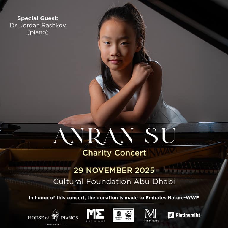 Address: Cultural Foundation – Rashid Bin Saeed Al Maktoum St(2nd St) – Abu Dhabi – United Arab Emirate How to get there: By car: You can drive to the Cultural Foundation from anywhere in Abu Dhabi. You can park there for a small fee. By public transport: The Cultural Foundation is accessible by bus. The nearest bus station would be Abu Dhabi Bus station which is 1.2 Kilometeres away from the Cultural Foundation. By taxi: You can also take a taxi to the Cultural Foundation. It’s a famous destination and most drivers would be familiar with its location. Join us for an unforgettable charity concert presented by M Premiere, as 9-year-old Chinese piano prodigy Anran Su takes to the stage for a dazzling solo recital on 29 November 2025 at the Cultural Foundation Abu Dhabi.
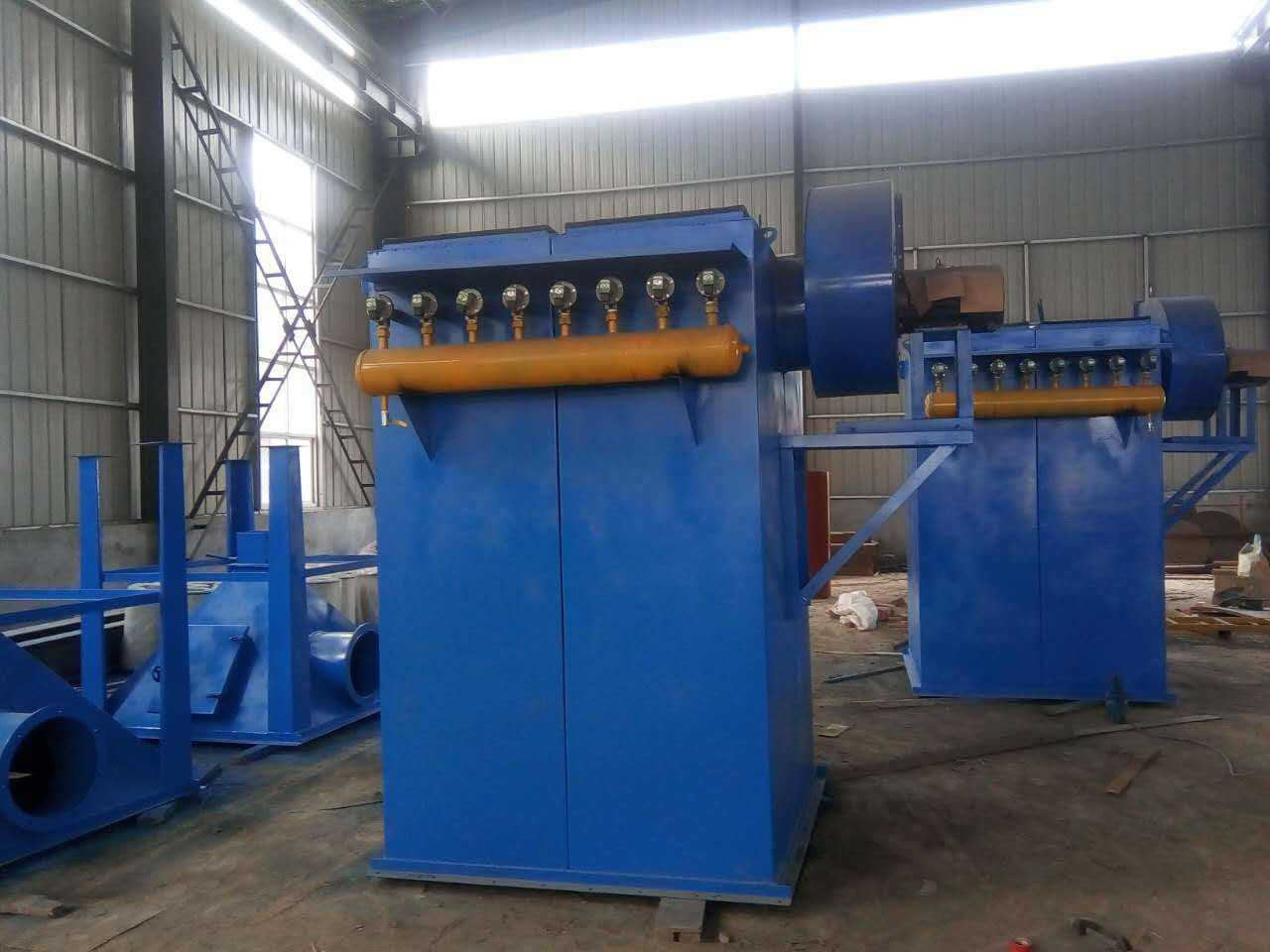 由进风口、过滤室(滤袋、滤袋框架)、清洁室(脉冲喷吹装置)、出风口、风机、灰斗(气流分布装置)和螺旋输送机或叶轮卸料器、爬梯检修平台、护栏、电气控制等组成。进 口(上、下)、出口(上)方向位置,可据现场设计需要灵活选择。
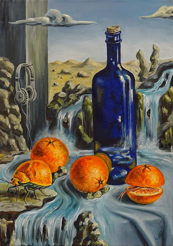 Kuznetsova Lu Wieso sollte man ein Stillleben nicht mit Surrealismus mischen? scheint sich Lu gefragt zu haben. Bei dieser Vorgabe für die Ausstellung «Stillleben à jour» ist das irgendwie logisch. So gibt's denn in Lus Stillleben Wüsten, Wasserfälle und Krabbeltiere. |
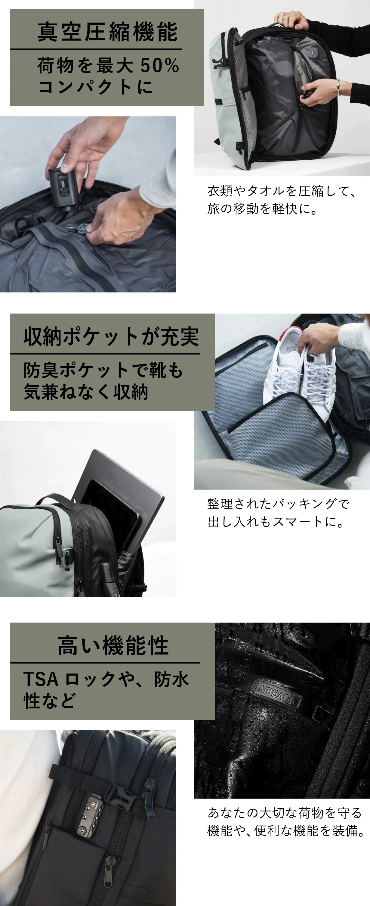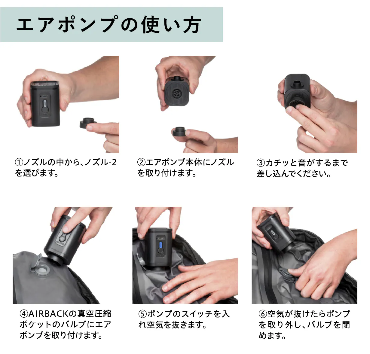 ※旅先でも荷物を圧縮したい場合はエアポンプ(オプション品)をご一緒にお求めいただくと便利です。
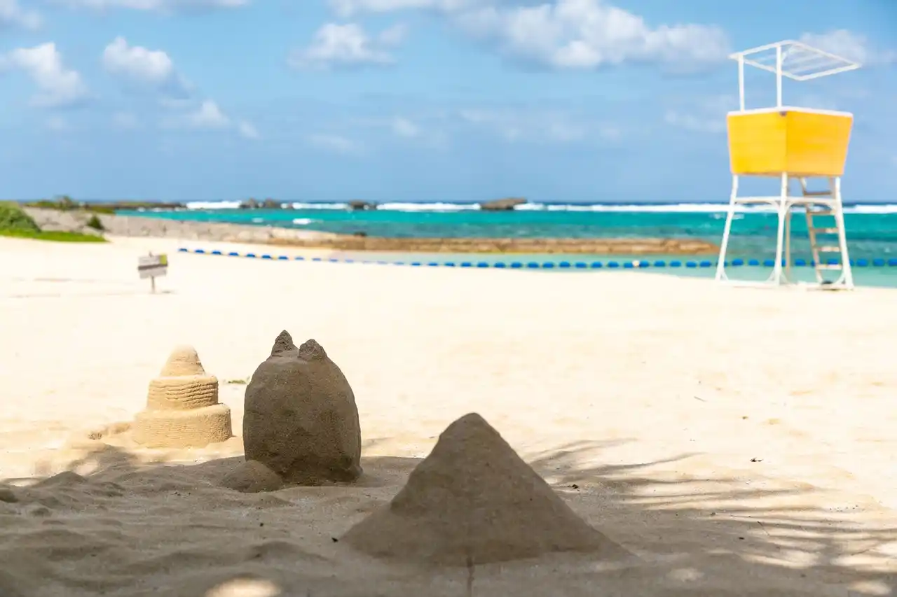 瀬良垣ビーチで好きなモチーフを砂で形づくる「サンドアート」を楽しめるプログラムです。スタッフが上手に作るコツや崩れにくい作り方をレクチャーしながら、思い思いの作品づくりをサポートします。 |
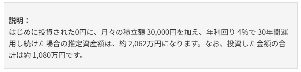 これまで毎月3万円貯金できていた分を、30歳からは平均利回り4%が見込める優良な投資信託を毎月3万円分買い付けることにしました。
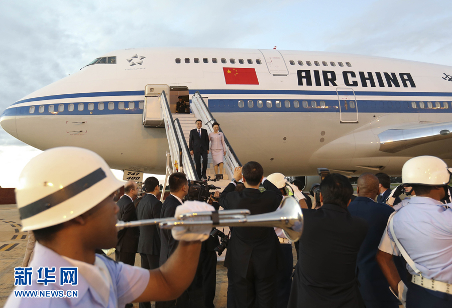 新华社巴西利亚5月18日电(记者俞铮 刘彤)应巴西联邦共和国总统罗塞夫邀请,国务院总理李克强于当地时间18日下午乘专机抵达巴西利亚空军基地,开始对巴西进行正式访问。李克强总理夫人程虹同机抵达。
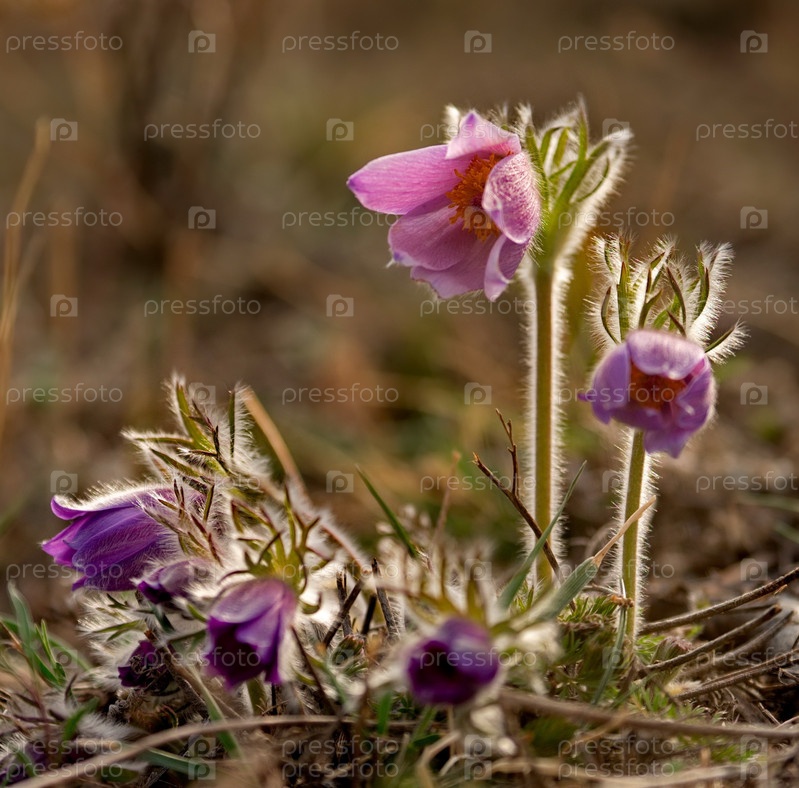 Россия. Юг Западной Сибири. Прострел раскрытый (Сон-трава) - первые весенние цветы на каменистых склонах горного Алтая
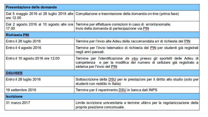 Ecco una tabella che riassume tutte le scadenze da ricordare per l’invio della domanda per il bando di concorso Laziodisu 2016/2017:
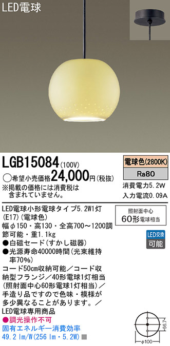 Panasonic LED ¥Ú¥ó¥À¥ó¥È¥é¥¤¥È LGB15084
★ ★ ★ ★ ★ ★ ★
■ WORK INSTRUCTION ■
Although the records include pictures, output only their text, exactly and completely.

■ SOLUTION TO THE EXERCISE ■
 Address: Cultural Foundation – Rashid Bin Saeed Al Maktoum St(2nd St) – Abu Dhabi – United Arab Emirate How to get there: By car: You can drive to the Cultural Foundation from anywhere in Abu Dhabi. You can park there for a small fee. By public transport: The Cultural Foundation is accessible by bus. The nearest bus station would be Abu Dhabi Bus station which is 1.2 Kilometeres away from the Cultural Foundation. By taxi: You can also take a taxi to the Cultural Foundation. It’s a famous destination and most drivers would be familiar with its location. Join us for an unforgettable charity concert presented by M Premiere, as 9-year-old Chinese piano prodigy Anran Su takes to the stage for a dazzling solo recital on 29 November 2025 at the Cultural Foundation Abu Dhabi.
 由进风口、过滤室(滤袋、滤袋框架)、清洁室(脉冲喷吹装置)、出风口、风机、灰斗(气流分布装置)和螺旋输送机或叶轮卸料器、爬梯检修平台、护栏、电气控制等组成。进 口(上、下)、出口(上)方向位置,可据现场设计需要灵活选择。
 Kuznetsova Lu Wieso sollte man ein Stillleben nicht mit Surrealismus mischen? scheint sich Lu gefragt zu haben. Bei dieser Vorgabe für die Ausstellung «Stillleben à jour» ist das irgendwie logisch. So gibt's denn in Lus Stillleben Wüsten, Wasserfälle und Krabbeltiere. |
 ※旅先でも荷物を圧縮したい場合はエアポンプ(オプション品)をご一緒にお求めいただくと便利です。
 瀬良垣ビーチで好きなモチーフを砂で形づくる「サンドアート」を楽しめるプログラムです。スタッフが上手に作るコツや崩れにくい作り方をレクチャーしながら、思い思いの作品づくりをサポートします。 |
 これまで毎月3万円貯金できていた分を、30歳からは平均利回り4%が見込める優良な投資信託を毎月3万円分買い付けることにしました。
 新华社巴西利亚5月18日电(记者俞铮 刘彤)应巴西联邦共和国总统罗塞夫邀请,国务院总理李克强于当地时间18日下午乘专机抵达巴西利亚空军基地,开始对巴西进行正式访问。李克强总理夫人程虹同机抵达。
 Россия. Юг Западной Сибири. Прострел раскрытый (Сон-трава) - первые весенние цветы на каменистых склонах горного Алтая
 Ecco una tabella che riassume tutte le scadenze da ricordare per l’invio della domanda per il bando di concorso Laziodisu 2016/2017:
 Panasonic LED ¥Ú¥ó¥À¥ó¥È¥é¥¤¥È LGB15084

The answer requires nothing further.